Please copy out the entries exactly, skipping any pictures.

Data items:
------------------------------------------------
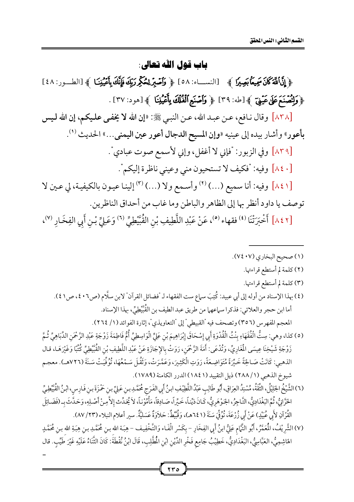 [841] وفيه: أنا سميع ( ... ) (¬2) وأسمع ولا ( ... ) (¬3) إلينا عيون بالكيفية، لي عين لا توصف يا داود أنظر بها إلى الظاهر والباطن وما غاب من أحداق الناظرين.
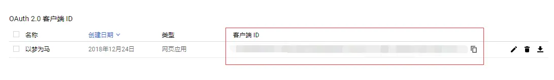 1、获取客户端ID(https://console.developers.google.com/apis/credentials),如下图:
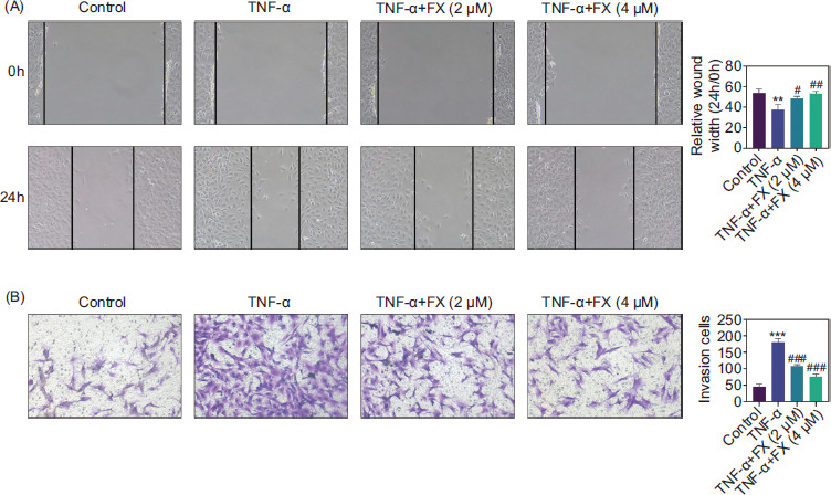 Figure 2 Fucoxanthin suppresses TNF-α-stimulated cell migration and invasion. MH7A cells were divided into control, TNF-α, TNF-α + fucoxanthin (2 μM), and TNF-α + fucoxanthin (4 μM) groups. (A) Cell migration was evaluated using a wound healing assay; (B) cell invasion was assessed using the matrigel-coated transwell assay; N = 3, P < 0.01, *P < 0.001 vs. control group; #P < 0.05, ##P < 0.01, ###P < 0.001 vs. TNF-α group.
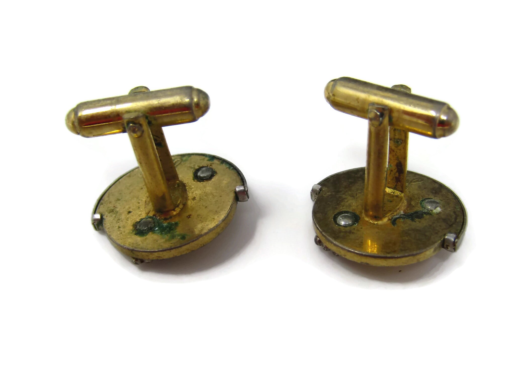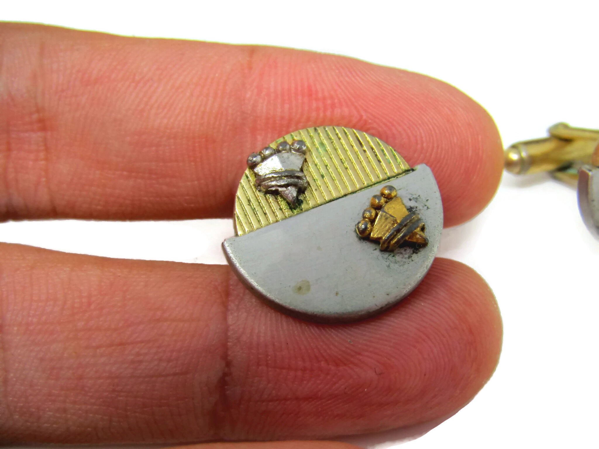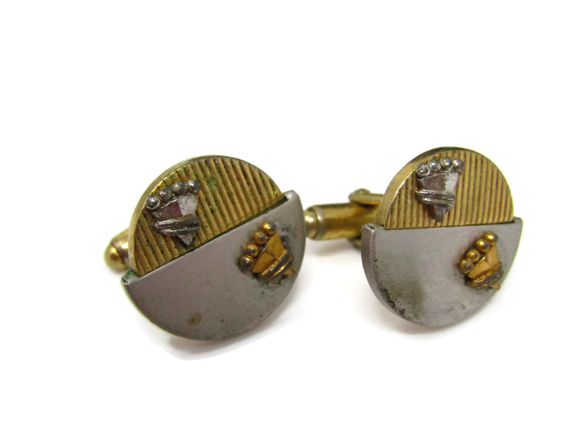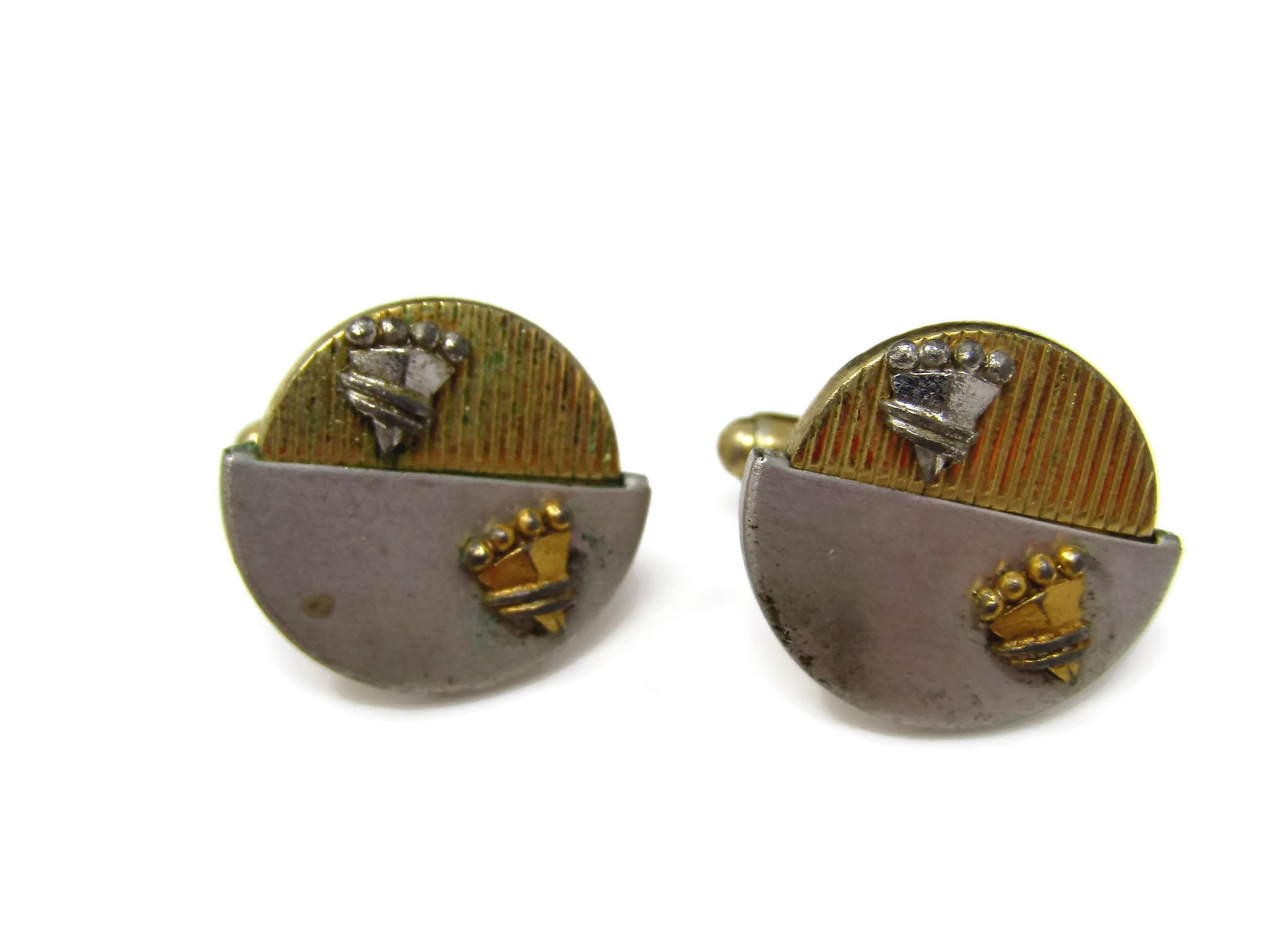 Vintage Cufflinks for Men: Double Shield Art Deco Half Silver Tone Half Gold Tone
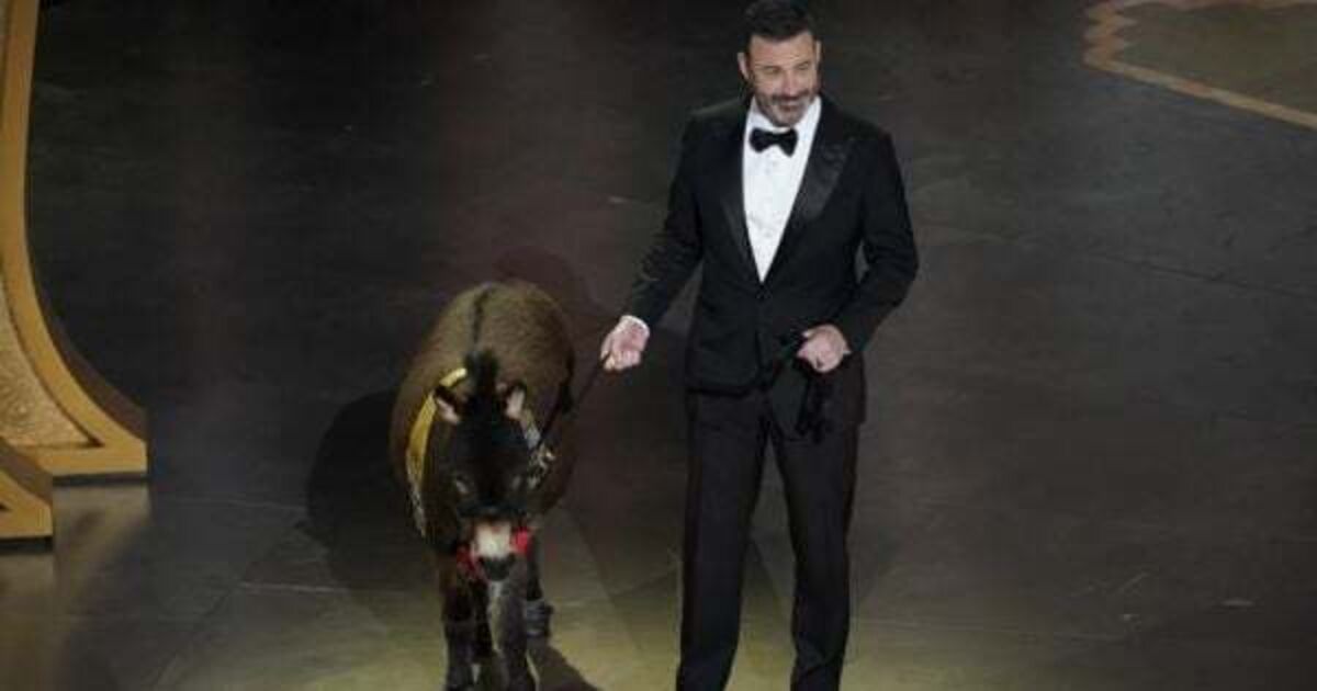 Jimmy Kimmel was joined on stage at the Oscars by an “emotional support donkey” bearing the same name as the four-legged star of The Banshees of Inisherin.
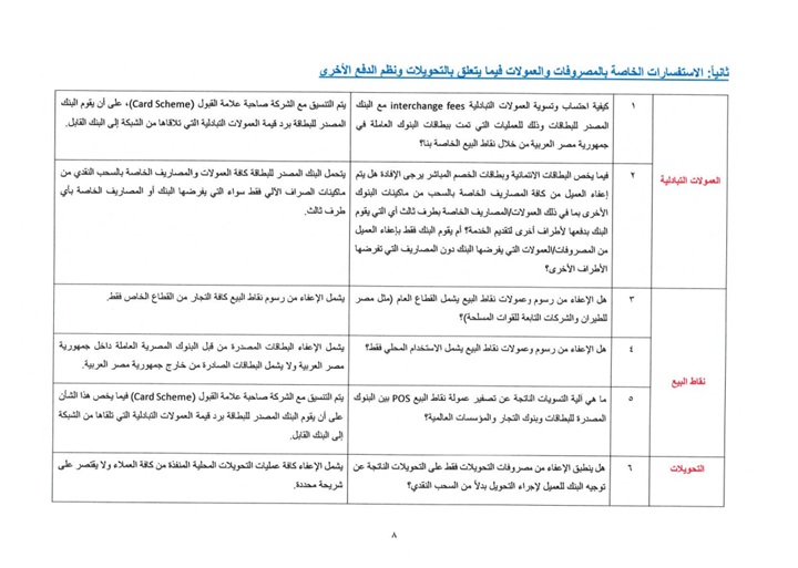الاستفسارات بهدف توحيد آلية التطبيق بكافة بنوك القطاع المصرفي.
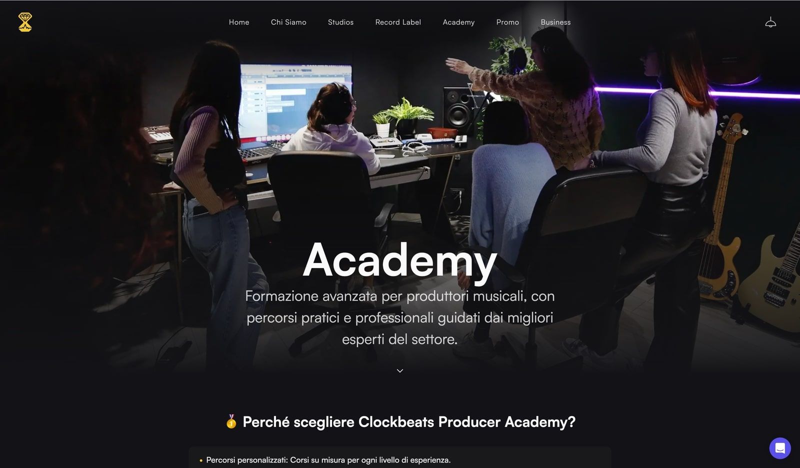 I corsi sono personalizzati a ogni livello, dai principianti ai professionisti, con lezioni pratiche e uso diretto degli studi Clockbeats con attrezzature all’avanguardia.
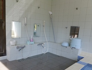 大名見にある「明見第一駐在所前」の信号から東にある狭い路地に入って、すぐの分岐を 左に進んで川に沿った狭い農道を走ると 傾斜がきつくなりだした所にあります。 駐車場は4〜5ヶ所ありますが、どこも斜面だったり狭かったりでアルファードでは大変でした。 (不動湯)玄関を入ったら 左にあるタッチパネルの券売機で入浴券を購入します。 ※ この時は4時前でしたが、登山姿の私を見て「登山者は500円でいいですよ」と言って くれました。 ![]() ___(タッチパネルの券売機)_______________(受付) 5月の始めだったので、受付の右にあるロビーに五月人形が飾られてました。 ![]() _______(ロビー)__________________(五月人形) ロビーの奥にある廊下の突き当たりに 皮膚病の方専用の新風呂があります。 (浴室の入り口に掛かる湯のれん)こちらの浴室はキレイなタイル張りで 左に2つの洗い場があります。 浴槽は温度違いになっていて、2人用の浴槽は30〜32℃の水風呂で、3人用の浴槽は 39〜42℃です。 ![]() _______(洗い場)_________________(明るい浴室) 湯口には冷泉と加温泉が出ている2つの蛇口があって、湯口に飲泉用のカップが置いて あり、浴槽からあふれた温泉は 浴槽の縁にある切れ込みからオーバーフローになってます。 ![]() ___(蛇口に置かれたカップ)______________(浴槽の排湯溝) 療養泉の奥に一般の人が使う浴室があります。 (一般者用の浴室の入り口)脱衣所は清掃が行き届いて、籐の籠が乗った脱衣棚とスチール製のロッカーがあります。 ![]() _____(洗面ドレッシング)____________(脱衣棚とロッカー) 浴槽は こちらの方が少し大きくて、無色透明・無味無臭(かすかに温泉臭がしたが無臭で いいと思う)の温泉は 肌触りも真湯と変わりません。 (一般者用の浴槽)
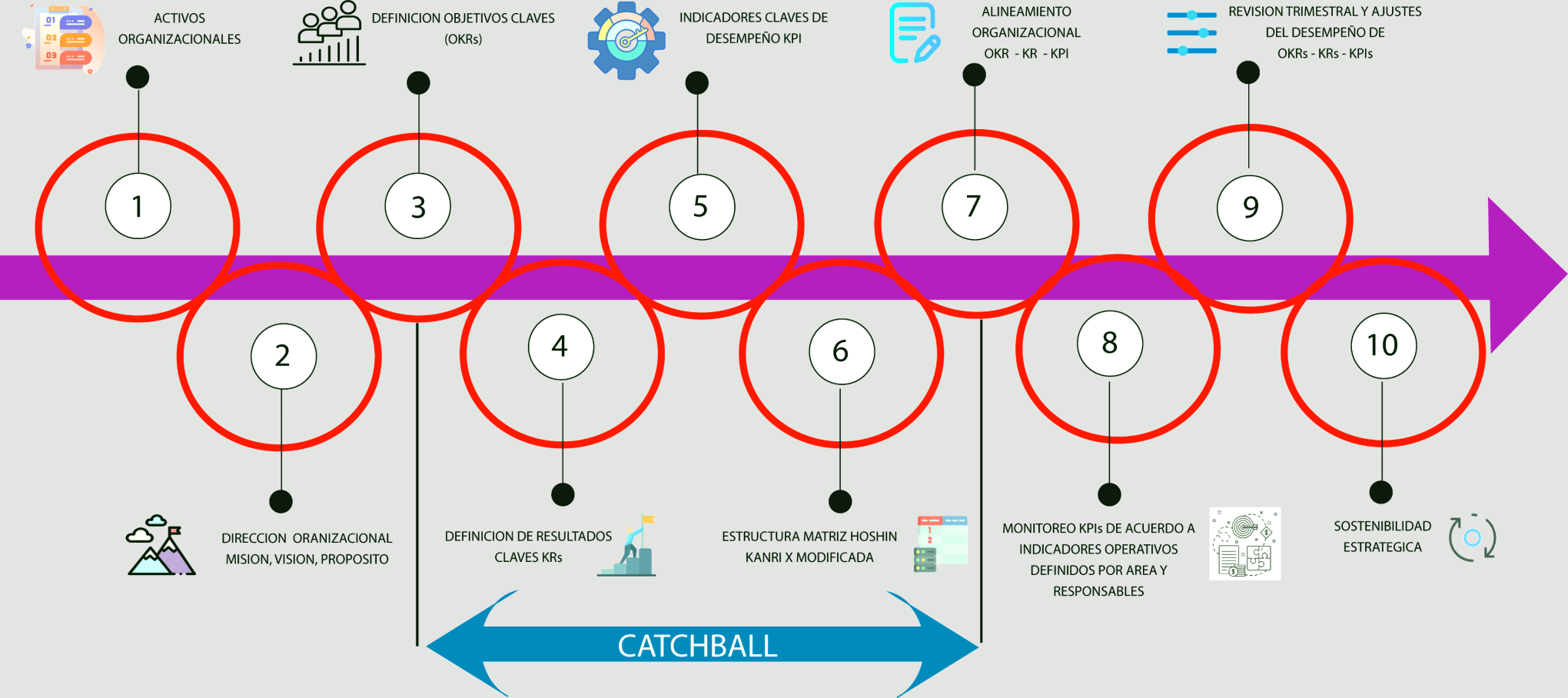 Implementamos la Matriz de Objetivos y Resultados OKR, usando las metodologías HOSHIN KANRI para la asignación las responsabilidades e indicadores.
------------------------------------------------
> Solved exercise:
 [841] وفيه: أنا سميع ( ... ) (¬2) وأسمع ولا ( ... ) (¬3) إلينا عيون بالكيفية، لي عين لا توصف يا داود أنظر بها إلى الظاهر والباطن وما غاب من أحداق الناظرين.
 1、获取客户端ID(https://console.developers.google.com/apis/credentials),如下图:
 Figure 2 Fucoxanthin suppresses TNF-α-stimulated cell migration and invasion. MH7A cells were divided into control, TNF-α, TNF-α + fucoxanthin (2 μM), and TNF-α + fucoxanthin (4 μM) groups. (A) Cell migration was evaluated using a wound healing assay; (B) cell invasion was assessed using the matrigel-coated transwell assay; N = 3, P < 0.01, *P < 0.001 vs. control group; #P < 0.05, ##P < 0.01, ###P < 0.001 vs. TNF-α group.
 Vintage Cufflinks for Men: Double Shield Art Deco Half Silver Tone Half Gold Tone
 Jimmy Kimmel was joined on stage at the Oscars by an “emotional support donkey” bearing the same name as the four-legged star of The Banshees of Inisherin.
الاستفسارات بهدف توحيد آلية التطبيق بكافة بنوك القطاع المصرفي.
 I corsi sono personalizzati a ogni livello, dai principianti ai professionisti, con lezioni pratiche e uso diretto degli studi Clockbeats con attrezzature all’avanguardia.
 大名見にある「明見第一駐在所前」の信号から東にある狭い路地に入って、すぐの分岐を 左に進んで川に沿った狭い農道を走ると 傾斜がきつくなりだした所にあります。 駐車場は4〜5ヶ所ありますが、どこも斜面だったり狭かったりでアルファードでは大変でした。 (不動湯)玄関を入ったら 左にあるタッチパネルの券売機で入浴券を購入します。 ※ この時は4時前でしたが、登山姿の私を見て「登山者は500円でいいですよ」と言って くれました。 ![]() ___(タッチパネルの券売機)_______________(受付) 5月の始めだったので、受付の右にあるロビーに五月人形が飾られてました。 ![]() _______(ロビー)__________________(五月人形) ロビーの奥にある廊下の突き当たりに 皮膚病の方専用の新風呂があります。 (浴室の入り口に掛かる湯のれん)こちらの浴室はキレイなタイル張りで 左に2つの洗い場があります。 浴槽は温度違いになっていて、2人用の浴槽は30〜32℃の水風呂で、3人用の浴槽は 39〜42℃です。 ![]() _______(洗い場)_________________(明るい浴室) 湯口には冷泉と加温泉が出ている2つの蛇口があって、湯口に飲泉用のカップが置いて あり、浴槽からあふれた温泉は 浴槽の縁にある切れ込みからオーバーフローになってます。 ![]() ___(蛇口に置かれたカップ)______________(浴槽の排湯溝) 療養泉の奥に一般の人が使う浴室があります。 (一般者用の浴室の入り口)脱衣所は清掃が行き届いて、籐の籠が乗った脱衣棚とスチール製のロッカーがあります。 ![]() _____(洗面ドレッシング)____________(脱衣棚とロッカー) 浴槽は こちらの方が少し大きくて、無色透明・無味無臭(かすかに温泉臭がしたが無臭で いいと思う)の温泉は 肌触りも真湯と変わりません。 (一般者用の浴槽)
 Implementamos la Matriz de Objetivos y Resultados OKR, usando las metodologías HOSHIN KANRI para la asignación las responsabilidades e indicadores.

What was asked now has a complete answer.